Chris Xu

Chris Xu

Shattering expectations to learn about the brain

Chris Xu, professor of applied and engineering physics at Cornell, was at a White House conference as an invited guest in September, 2014. He was there to celebrate the progress made by researchers who are part of President Obama's BRAIN initiative. Xu was included in recognition of his exciting progress in creating new tools for brain imaging. Xu has 28 patents either granted or pending and his work on multiphoton microscopy is allowing researchers to image the mouse brain in living specimens at previously unattainable depths and resolution.

But for a boy raised in a poor neighborhood of Shanghai during Chairman Mao’s Cultural Revolution of the 1970s, being invited to the White House as an honored guest would probably have seemed unimaginable. “I look back at my life and it is amazing where I have been able to go and what I have been able to do.” says Xu.

Life in China changed dramatically after the Cultural Revolution. Xu took a test at the age of 12 and ended up with a spot at the best middle school in the country. “One day I was living in a neighborhood where maybe one person in ten thousand actually went to college. My dad never spent one day of his life in a formal school. But then there I was at a boarding school with the cream of the crop. It was at that middle school that a physics teacher opened my eyes to the world outside China and the wonderful world in physics,” says Xu. Fast forward to the early 1990s. After earning a B.S. in physics from Fudan University in 1989, Xu came to Cornell to get both his Master’s and his Ph.D. in applied physics.

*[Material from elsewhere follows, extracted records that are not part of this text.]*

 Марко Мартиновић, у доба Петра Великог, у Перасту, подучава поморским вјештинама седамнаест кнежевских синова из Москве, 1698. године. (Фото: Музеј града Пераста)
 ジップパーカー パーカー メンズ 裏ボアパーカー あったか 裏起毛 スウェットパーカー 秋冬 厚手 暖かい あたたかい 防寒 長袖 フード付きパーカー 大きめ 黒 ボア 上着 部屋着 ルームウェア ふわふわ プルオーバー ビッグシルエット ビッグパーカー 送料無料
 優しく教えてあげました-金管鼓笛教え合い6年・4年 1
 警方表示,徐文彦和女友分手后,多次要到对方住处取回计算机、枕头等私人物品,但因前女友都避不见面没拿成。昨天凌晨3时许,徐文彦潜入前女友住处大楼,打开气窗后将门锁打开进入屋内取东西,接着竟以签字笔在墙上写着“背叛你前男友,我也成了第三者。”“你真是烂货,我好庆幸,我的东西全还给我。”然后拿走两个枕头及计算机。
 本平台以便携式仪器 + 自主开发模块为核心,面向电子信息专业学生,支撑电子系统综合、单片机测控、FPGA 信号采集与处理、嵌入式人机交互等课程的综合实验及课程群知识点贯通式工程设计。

Cornell Engineering professor Watt Webb and doctoral student Winfried Denk had just invented a new imaging technology called two-photon microscopy and Xu joined Webb’s lab. “Working with Watt Webb was one of the luckiest breaks of my life,” says Xu. “He explained the project and it just clicked with me—it made so much sense.” This was the beginning of Xu’s research in optics and biological imaging, which form the foundation of his current interdisciplinary research.  

Xu earned his Ph.D. in 1996 and then joined Bell Labs, a place he dreamed about when he was in high school. At Bell, Xu moved into new research areas in fiber optics and telecom, and invented breakthrough technologies for high bit-rate, long distance optical transmission. “At the time,” says Xu, “all sorts of money was flowing in and you could pursue any idea in telecom.” It was while he was at Bell Labs that Xu got his first exposure to the business and financial side of high-tech research. “At Bell I learned how things like practicality, cost, and politics all come into play when you are developing any sort of product,” says Xu. He also got to see first-hand how large-scale economic trends make themselves felt in industry research labs during the heydays of the dotcom bubble and crash.

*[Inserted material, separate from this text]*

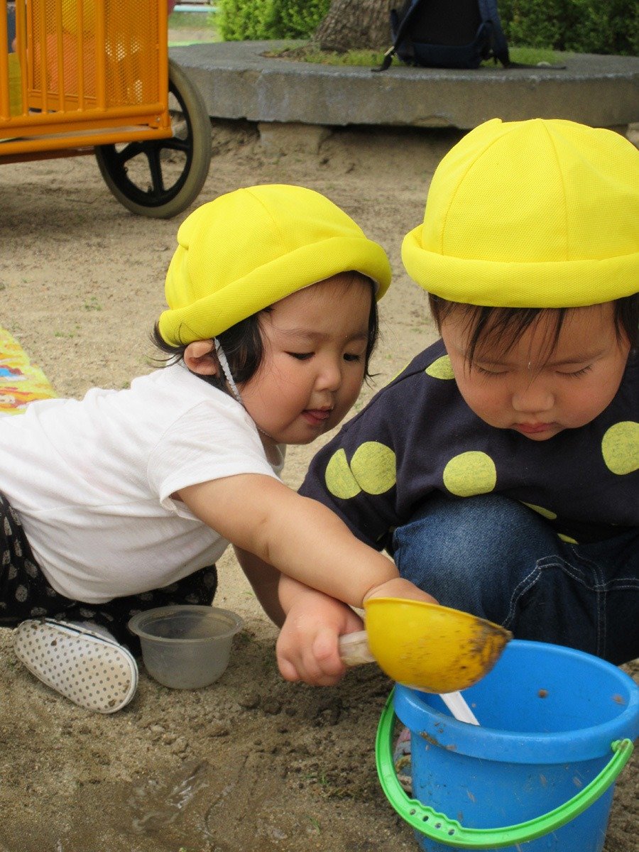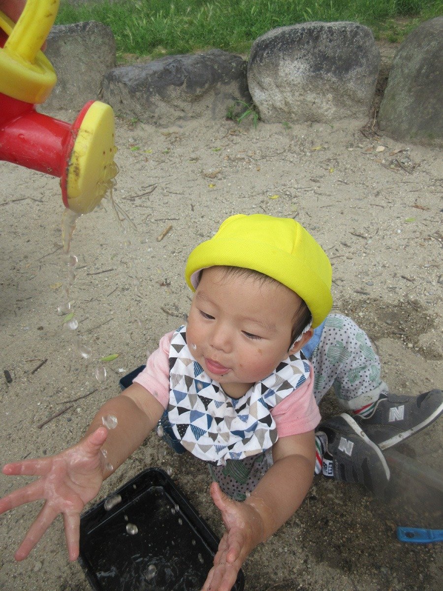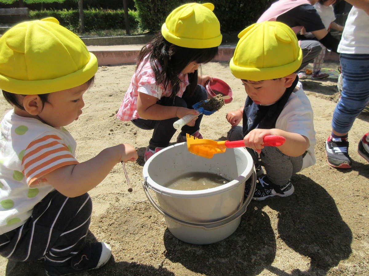 公園に着くとバケツを持って「お水入れて」「お手伝いする!」と水遊び、泥んこ遊びの準備をしてくれます。

After six years at Bell Labs, Xu decided to enter the world of academia. He joined the faculty of the School of Applied and Engineering Physics in 2002 and he has been with Cornell ever since. Currently, Xu is working on what he has called “one of the most exciting projects I have ever engaged in in my entire life.” Put simply, he and his colleagues are creating new technologies that will allow in vivo imaging deep into the brain. “During my middle school years, I told myself that I should only work on two things: the universe and the brain, because both are so mysterious,” he said. “It is certainly wonderful to be able to pursue a childhood dream.”  “We are also developing new medical endoscopes for non-invasive, real-time diagnostics of tissue without use of dyes or contrast agents,” says Xu. “It is hard because it is all new. We have to make the tools we need in order to simply make the tools we need. We are turning a 200 pound microscope into a 2-gram handheld device. The challenges are enormous.”

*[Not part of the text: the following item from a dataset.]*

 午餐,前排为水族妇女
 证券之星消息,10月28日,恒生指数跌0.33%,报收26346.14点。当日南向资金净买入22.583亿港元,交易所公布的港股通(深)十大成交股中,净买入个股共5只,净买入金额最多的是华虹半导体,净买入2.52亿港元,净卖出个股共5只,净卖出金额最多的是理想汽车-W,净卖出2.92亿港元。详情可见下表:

Xu may attribute a fair amount of his success to the schools he attended and the great mentors he had in life, but it is clear that something else is at play as well. Chris Xu has worked hard his entire career to master difficult concepts and challenging technology. His drive for excellence and efficiency, and his fearless pursuit of new ideas have been the cornerstones of his career. Xu’s multiphoton microscope will play an important part in meeting the BRAIN initiative’s goal of understanding everything about the brain. The medical endoscopes will be a valuable tool in diagnosing cancers and other diseases in far less invasive ways than done currently. It is a long way from the neighborhoods of Shanghai to Ithaca and the White House and no one is more aware of this distance than Chris Xu. “At some point in each day I remember how lucky I am,” says Xu, “and then I get back to work.”